What Is Safe Failure Fraction And Why Is It Important?

The SFF measures the effectiveness of the fail safe design and/or the diagnostics built into that device. The SFF of a device is important as it is one of the factors that will decide which SIL can be claimed for this device. As we see in the table above, the higher the SFF the higher the SIL level that can be claimed. Each device has a SFF which is presented as a percentage (0-100%). The SFF is calculated using the following formula:

SFF = (SD + SU + DD) / (SD + SU + DD + DU)

In order to calculate the SFF you need Safe Detected (SD), Safe Undetected (SU), Dangerous Detected (DD) and Dangerous Undetected (DU) failure rates. Normally the manufacturer of the device derives these failure rates using the FMEDA technique. From this formula it becomes clear that the SFF of a device fully depends on the DU failure rate of that device.

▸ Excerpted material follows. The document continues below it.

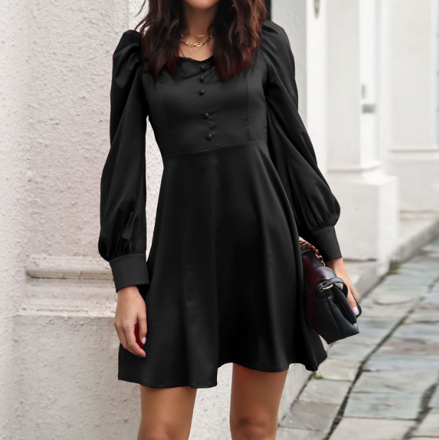 Elegant Solid Color Puff Sleeve Long Sleeve High Waist Dress

When the manufacturer can design the device in such way that there are no DU failures then the device has a SFF of 100%. Since a high SFF allows you to claim a high SIL there is a lot of pressure “to make sure” that a device has a high SFF. But, there are no devices on the market with zero DU failures and thus a SFF of 100%.

There are two ways a device manufacturer can get a high SFF for the device. Option one is to make a fail safe design. A fail safe design means that many failures inside the device go to the safe state. In other words these failures are Safe failures (SD or SU failures). When a device is 100% fail safe, and thus only has Safe failures, the SFF is also 100%. But, there also no devices on the market that only have safe failures.

Unfortunately there are always dangerous failures inside a device. The only option a device manufacturer has to improve the SFF when there are too many Dangerous Undetected failures is to improve the diagnostics of that device. This is the big advantage Type B device have. They are based on electronics and thus can have a lot of diagnostics built in. Type A devices do not have diagnostics in terms of the standard. They can only depend on periodic proof testing. The only problem is that periodic proof testing cannot be used to claim a failure to be “detected”.

What many people do not realise is that the SFF is a design parameter and not an operational parameter. What we mean by this is that once the manufacturer has finished the design of the device the SFF of that device is determined and fixed. It is almost not possible to change (read improve) the SFF when the device is installed in the field. For most devices, end users have no control over the SFF. They get what they get.

SIL 3 Mechanical Devices, Really?

There are many mechanical devices on the market for which the manufacturers claim SIL 3. Being a Type A device, this means the device must have a SFF of over 90%. Can this really be done? Most of the time NOT!

Mechanical devices do not have built in diagnostics like programmable electronic devices can have. In other words by default there are no Safe Detected and and no Dangerous Detected failures. Only Safe Undetected and Dangerous Undetected failures.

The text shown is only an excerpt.